ES, "Comparison of String Objects Using == or !="

[JLS 2013]

§3.10.5, "String Literals"
§5.6.2, "Binary Numeric Promotion"

 


10 Comments

  1. Do we have a guideline along the lines of "do not assume that an object implements a meaningful equals method (i.e. one that is not just reference equality under the covers)"? If not, should we add one (or, extend this one)? I've certainly been frequently bitten by this mistake.

  2. I have strong reservations about including String.intern in this guideline.  for one thing, this rule isn't specific to a class, but that CS is specific to a single class.  primarily, however, the correct uses of String.intern is few and far between.  in fact, i would recommend never using String.intern, and if that sort of functionality were needed, to implement your own interning solution.  it's really designed for internal jvm usage, and it's unclear why it was ever really exposed at all in the public api.

    1. Well, we do have to include the 'intern' CS because it is available and works as advertised. If we omitted it, people would ask why.

      I'd always assumed that JVMs had some latitude in when they interned Strings (much like they have latitude in how much they memoize integers). It's possible that there exists a JVM where our NCCE actually prints true. Except for string literals, the JLS is silent about interning strings.

      Do you have a citation for your recommendation against using String.intern()?

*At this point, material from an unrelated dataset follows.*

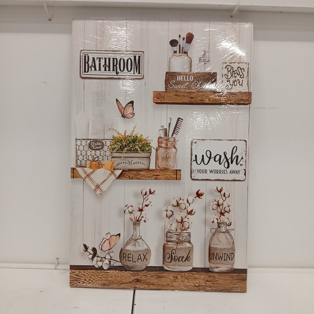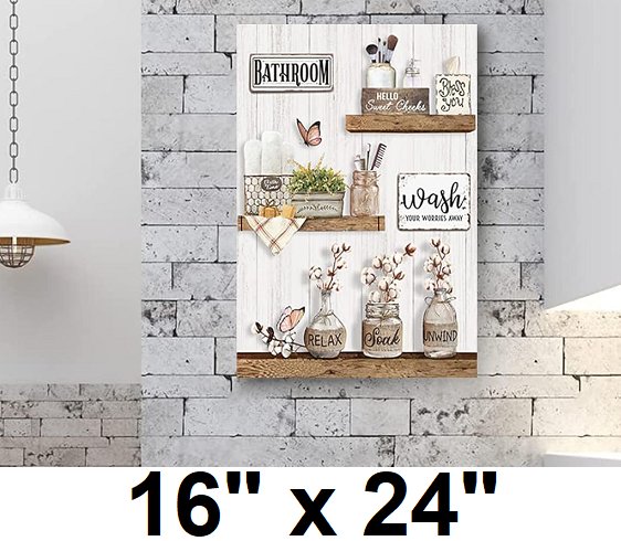 RUDIXICO Framed Farmhouse Rustic Bathroom Decor Wall Art - 16" x 24" - Shelves, Flowers, Towels

      1. Couple of relevant links:

        http://www.codeinstructions.com/2009/01/busting-javalangstringintern-myths.html

        http://books.google.com/books?id=Ft8t0S4VjmwC&pg=PA274&lpg=PA274&dq=josh+bloch+java+string+intern&source=bl&ots=D3y7Y4tIzk&sig=oaRTOlTvmFfE6ExwyOlVwlEsfVA&hl=en&sa=X&ei=wQybUNCwGImo0AGLsoGoCA&ved=0CC4Q6AEwAA#v=onepage&q=josh%20bloch%20java%20string%20intern&f=false

        tl;dr:

        • String.intern and '==' is faster than ".equals", but difference isn't as large as you'd think (unsure if the benchmark also included the cost of initial intern call)
        • String.intern saves heap memory at the expense of permgen (which is typically much smaller)
        • Custom String intern is faster than builtin impl
        • String.intern Strings are garbage collected (they are not immortal as stated above after the CS)

        All this to say, there is a minefield of "gotchas" around using String.intern.  I see your point that not including could be seen as a hole, but i think there should be a fairly strong recommendation about using it in practice.  (also, as i mentioned above, it is a CS which is specific to the String class and not a general solution for the rule).

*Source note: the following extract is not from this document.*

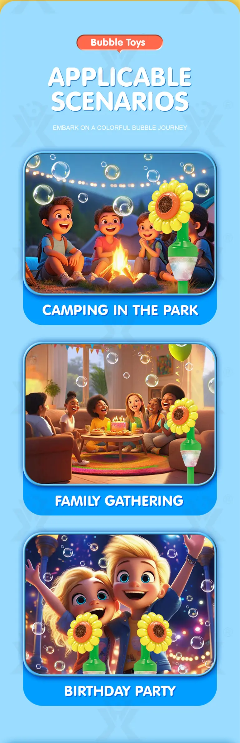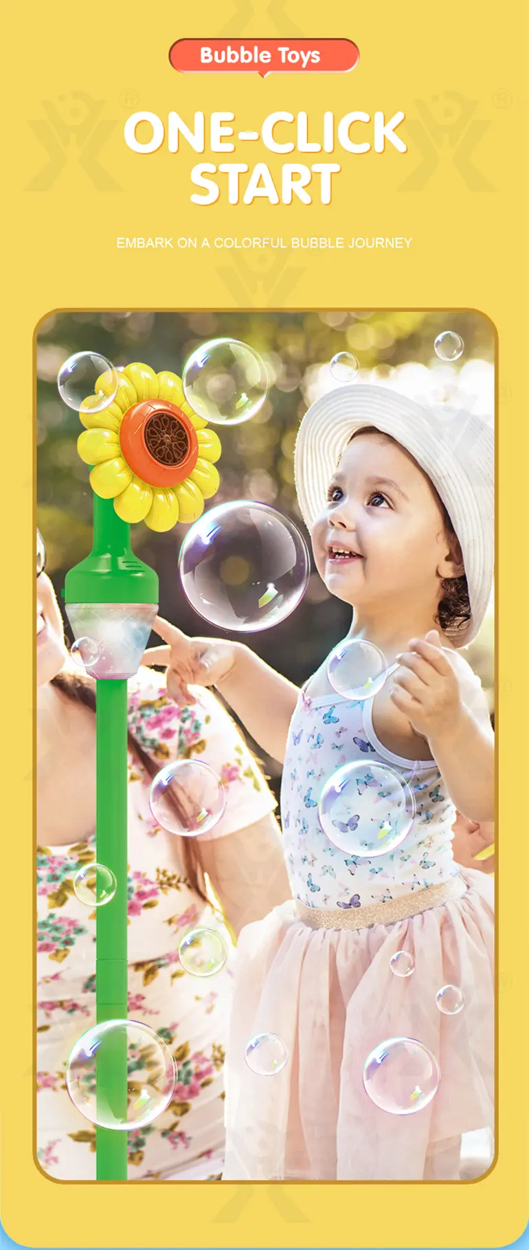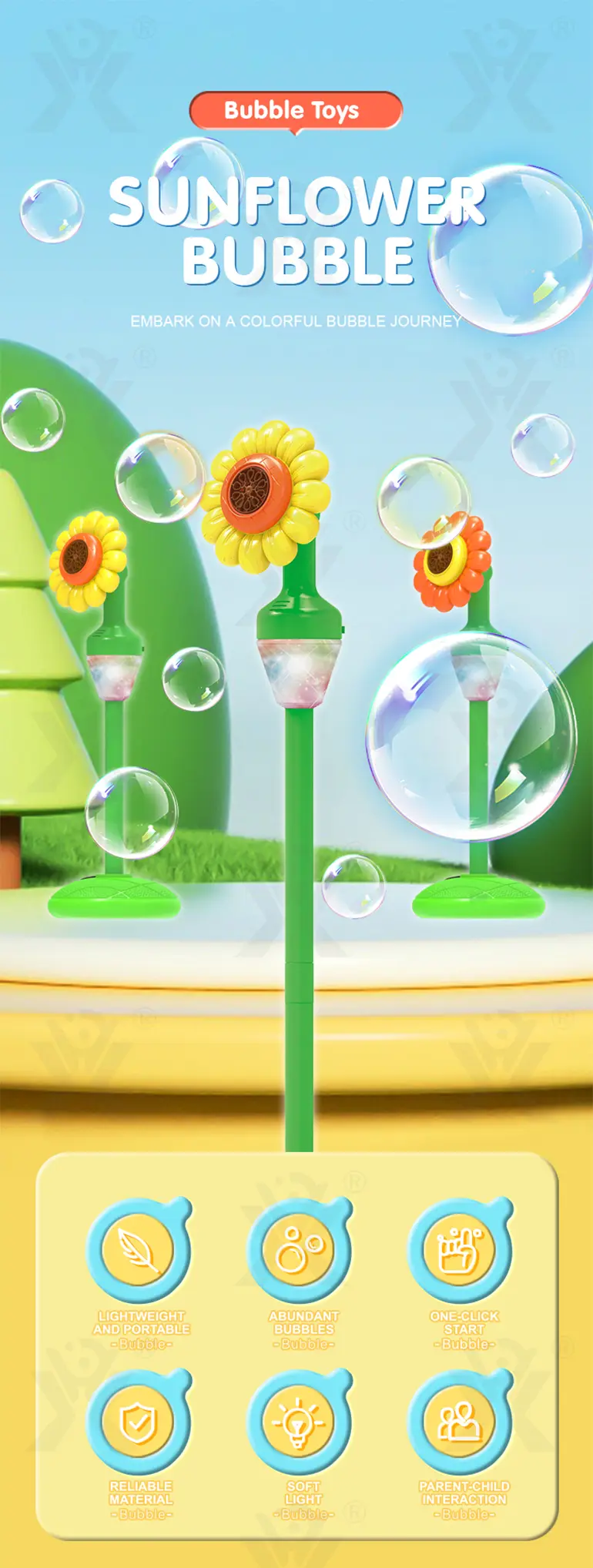Wholesale sunflower bubble machine toy. Sunflower bubble machine with one-click start, optional remote control, portable build, soft lights, and fun for parties and outdoor play.

        As a side note, i don't think you could have a compliant JVM where the NCCE prints true since you are explicitly invoking the String constructor.  The "magic" number interning is only used for auto-boxing or the static "valueOf" method (neither of which explicitly invokes a constructor, e.g. "new Integer(3)").

        1. I've edited the String.intern CS to reflect the various gotchas.  I note that the gotchas are present because the JLS leaves most of the characteristics of String.intern unspecified (which is probably a good thing!); consequently implementations have varied quite a bit over the years. The CS now gives natural language processing and compiler-like tools as examples where String.intern() might be a good choice, notes the varying behavior and lack of specification, and refers to Bloch 2008 for a more general (and possibly higher performance) example of canonicalizing objects.

          Note: Still need to fix the link to Bloch 2008 in the References section. 

          1. Yes, i think the caveats are much clearer now.

  3. Does the NCE isEqual() implementation really need to be that complex?  i realize it is "paralleling" the CS, but the code really boils down to return str1 == str2;.

    1. I simplified the code examples.

    • The following quote stands out a little too much

    When canonicalization of objects is required, it may be wiser to use a custom canonicalizer built on top of ConcurrentHashMap; see Joshua Bloch's Effective Java, second edition, Item 69 [Bloch 2008], for details.

    • Either we should add a CS to explain it, or add some text for it to make sense or let a black hole grab it.
    1. I think that it's good enough for now.  We have run out of time to do more.